4.11 Survival of Certain Provisions. Wherever appropriate to the intention of the parties hereto, the respective rights and obligations of the parties hereunder shall survive any termination or expiration of this Agreement or the Participant’s Termination of Service.
4.12 Limitation on Participant’s Rights. Participation in the Plan confers no rights or interests other than as herein provided. This Agreement creates only a contractual obligation on the part of the Company as to amounts payable and may not be construed as creating a trust. Neither the Plan nor any underlying program, in and of itself, has any assets.
4.13 Compensation Recoupment. The Option (and all Shares issuable thereunder) are subject to the Company’s ability to recover incentive-based compensation from Participant, as is or may be required by (a) the provisions of the Dodd-Frank Wall Street Reform and Consumer Protection Act or any regulations or rules promulgated thereunder, (b) any other clawback provision required by Applicable Laws or the listing standards of any applicable stock exchange or national market system, (c) any clawback policies adopted by the Company to implement any such requirements, or (d) any other compensation recovery policies as may be adopted from time to time by the Company, all to the extent determined by the Administrator in its discretion to be applicable to Participant.

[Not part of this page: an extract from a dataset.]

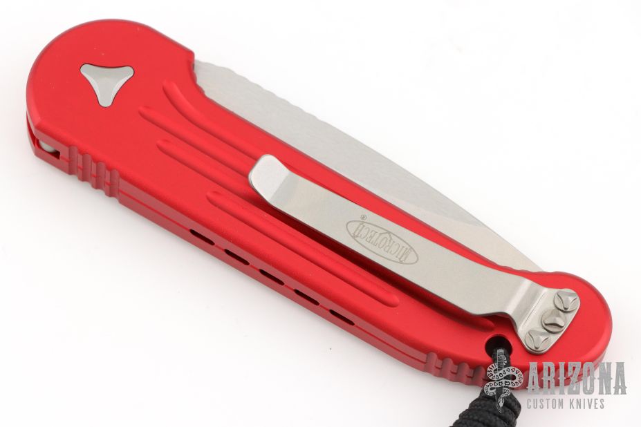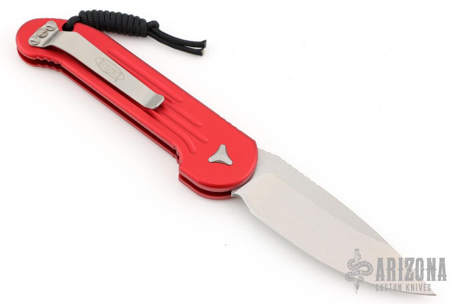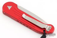 This LUDT auto by Microtech Knives has a stonewash finish blade with a standard edge and a red aluminum frame with a stainless steel clip. Dated 03/2023 and serial number 30844. Comes with original box, and papers. Excellent condition.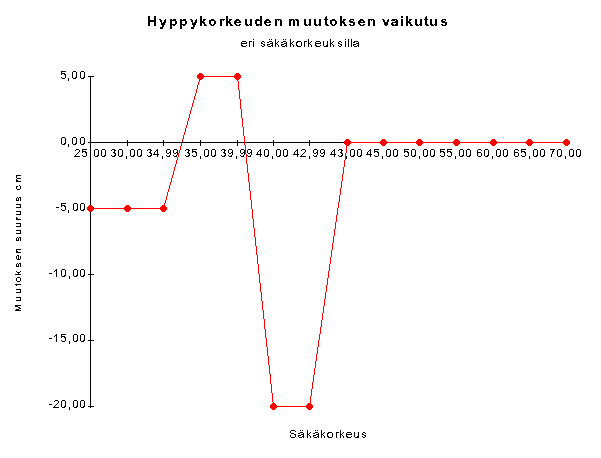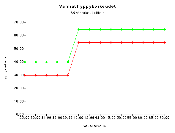 Muutosten vaikutusMuutokseen suhtautuu helposti melko pinnallisesti, mutta säkäryhmä- ja hyppykorkeusmuutos vaikuttavat hyvin moniin asioihin. Toiset vaikutukset ovat positiivisia ja toiset negatiivisia. On hyvä muistaa myös, että hyppykorkeus ei ollut ainoa muutos säännöissä vaikkakin ehkä kaikkein merkittävin.Muutosten tavoitteet Sääntömuutosmenettelyssä on tavalliselle harrastajalle jäänyt ainakin osittain epäselväksi sääntömuutokselle asetetut tavoitteet. Toivottavaa olisikin, että tulevaisuudessa käytäisiin etukäteen syvällisempää keskustelua laajemmassa piirissä tavoitteista ja päämääristä ja pyrittäisiin sitten laatimaan sääntömuutokset vastaamaan näitä tavoitteita. Tavoitteiden asettelussa tulisi myös koko harrastajakentälle antaa mahdollisuus tuoda oma näkökulmansa esille. Esteturvallisuus Sääntökirjan sivulla 11 mainitaan: ŽEsteiden tulee olla turvallisia koiralleŽ. Turvallisuus voidaan näkemyksemme mukaan jakaa välittömään turvallisuuteen ja vaikutukseltaan pidempiaikaiseen turvallisuuteen eli siis lähinnä terveydellisiin vaikutuksiin. Terveydellisten vaikutusten osalta FCI:n sääntömuutoksella todennäköisesti edettiin oikeaan suuntaan koskien suurinta osaa koiria. Välittömän suoritusaikaisen turvallisuuden osalta tehtiin oikeansuuntaisia, mutta osittain riittämättömiä muutoksia. Kansallisella tasolla tulisikin välittömästi SKL:n toteuttaa paremman välittömän turvallisuuden turvaavia sääntöjä tai ohjeita. Sääntöjen tulisi tietysti täyttää myös kaikki FCI:n kansainvälisten sääntöjen määräykset, mutta olla selvästi tarkempia. Turvallisuuden lisääminen ei voi mitenkään olla ristiriidassa kansainvälisten sääntöjen kanssa, joten tarkistukset ovat hyvin aiheellisia. Esteiden tekniset muutokset Hyppyesteiden tekniset muutokset eivät välttämättä ole kovin suuria. Muutoksen jälkeen kaikissa hyppyesteissä tulee kuitenkin löytyä kannakkeet aiempien korkeuksien (30, 35, 40, 55, 60 ja 65 cm) lisäksi myös 25 cm ja 45 cm hypyille. Jokaiselle säkäryhmälle tulee siis olla kolme vaihtoehtoista hyppykorkeutta. Riman materiaalista on säännöissä suosituksia (ei metallia tai muovia), mutta paksuudesta tai mallista niissä ei sanota mitään. Olisi mielekästä määrätä kansallisesti myös rimalle tarkemmat määritykset. Todennäköisesti turvallisin on pyöreä n. 30 mm halkaisijaltaan oleva puurima. Olisi perusteltua määritellä rimalle myös painorajat. Riman kannakkeet saattavat myös aiheuttaa vaaratilanteita, jos rima on liian syvällä kannakkeen kuopassa tai kannake on muuten liian ahdas eikä rima pääse irtoamaan. Riman tulee päästä putoamaan kohtalaisen, mutta ei liian helposti, jos selvä kosketus tapahtuu. Noin 0,5 cm urasyvyyden voi katsoa hyvin riittävän riman kannattamiseen ja tuulen aiheuttamien putoamisten estämiseen. Rimassa ei saisi olla kulmia, jotka aiheuttavat iskukipua. Oksereissa korkeuseron tulee uusien sääntöjen mukaan olla 15 - 25 cm. Tästä johtuu, että okserin alempia rimoja varten tarvitaan kannakkeet myös 50, 20, 15 ja 10 cm korkeuksille. 5 cm korkeudelle tai maanrajaan tuskin kannattaa enää kannaketta laittaa, ja siksi kansallisesti kannattaisikin määritellä, että okserin alin rima on 10 cm korkeudessa. Muurin osalta käytäntönä on ollut, että yhdistyksillä on ollut yhdet mini- ja yhdet maxi-muurit. Säännöissä on mainittu kuitenkin niille väli, joka todellisuudessa edellyttäisi kullekin säkäryhmälle myös useampia muurinkorkeuksia. Tällainen sääntötulkinnan mahdollisuuskin pitäisi poistaa. Kansallisesti tulisi täsmentää ohjeita niin, että jokaiselle säkäryhmälle määriteltäisiin vain yksi hyppykorkeus nykyisen välin sijaan. Hyppykorkeuksien tulisi olla mineillä 30 cm, mideillä 40 cm ja maxeilla 60 cm. Sääntöjen tulisi sallia vain mittavirhe +/- 1,00 cm Pituushypyn osalta mainitaan hypyn pituusvälit eri säkäryhmissä. Mini (40-50 cm) Midi (70 - 90 cm) ja Maxi (120-150 cm) Esteen osat tulee kasata matalimmasta korkeampaan. Esteiden osien tulisi sääntöjen mukaan olla hieman kaltevia, mutta näin ei nykyisin kaikissa estesarjoissa ole. Käytännössä tämä ei ole aiheuttanut mitään ongelmia, mutta onko mielekästä säännöissä mainita esteelle erikseen jokin ominaisuus, jos sitä ei kuitenkaan käytännössä edellytetä. Olisi siis mielekästä joko poistaa maininta tai tehdä esteet sääntöjen mukaisiksi. Eri säkäryhmille tulisi myös määritellä korkeimman osan korkeus erikseen. Korkein osahan on nykysäännöissä määritelty 28 cm korkuiseksi. Kun minien alin hyppykorkeus on 25 cm, ei voida pitää perusteltuna, että pituushypyn korkein osa on korkeampi kuin alin normaalihyppy. Puomin ja A-esteen nousulistat tulisi uusien sääntöjen mukaan jatkossa olla noin 20 mm leveitä ja kulmistaan pyöristettyjä. Listan korkeus olisi noin 5-10 mm ja etäisyys toisistaan noin 25 cm. Listat tulee kiinnittää niin, että ensimmäisenä kiinnitetään lista, joka on n. 10 cm kontaktipinnan ylärajasta ja sen jälkeen lisätä listoja 25 cm välein niin pitkälle molempiin suuntiin kuin mahdollista. Turvallisuuden vuoksi tulisi vaatia, että listat myös hiotaan hyvin ja varmistetaan, että kiinnitysruuvit uppoavat riittävän syvälle, eivätkä aiheuta vaaraa. Puomi on este, jonka vakaus on myöskin erittäin tärkeä. Siihen ei säännöissä ole kiinnitetty lainkaan huomiota, paitsi yleismaininnalla, että esteiden tulee olla turvalliset. Valitettavasti joskus kisapaikoilla on aivan liian huteria rakennelmia. Turha huojunta aiheuttaa koulutusongelmia ja asettaa myös kevyemmät ja raskaammat koirat eriarvoiseen asemaan. Todellisia vaaratilanteitakin on esiintynyt. Kansallisesti myöskin puomin vakausominaisuuksiin tulisi säännöissä kiinnittää riittävästi huomiota. Esimerkiksi nopeasti etenevä leonbergi aiheuttaa massallaan uskomattomia voimia, jotka kohdistuvat puomin

4.14 Construction. Headings in this Agreement are included for convenience and shall not be considered in the interpretation of this Agreement. Reference to any statute, rule, or regulation includes any amendment thereto or any replacement thereof, as well as the authoritative guidance issued thereunder by the appropriate governmental entity. Pronouns shall be construed to include the masculine, feminine, neutral, singular or plural as the identity of the antecedent may require. A reference to any party to this Agreement shall include such party’s successors and permitted assigns. This Agreement shall be construed according to its fair meaning and shall not be strictly construed against the Company.
4.15 Counterparts. The Grant Notice may be executed in one or more counterparts, including by way of any electronic signature, subject to Applicable Laws, each of which will be deemed an original and all of which together will constitute one instrument.
4.16 Modification. Any modification of this Agreement shall be binding only if evidenced in writing and signed by the Administrator, or its delegate. The Participant’s consent to such modification shall be required unless (i) the action does not materially and adversely affect the Participant’s rights under the Agreement and Grant Notice, or (ii) the change is permitted under Article X or pursuant to Section 12.5 of the Plan.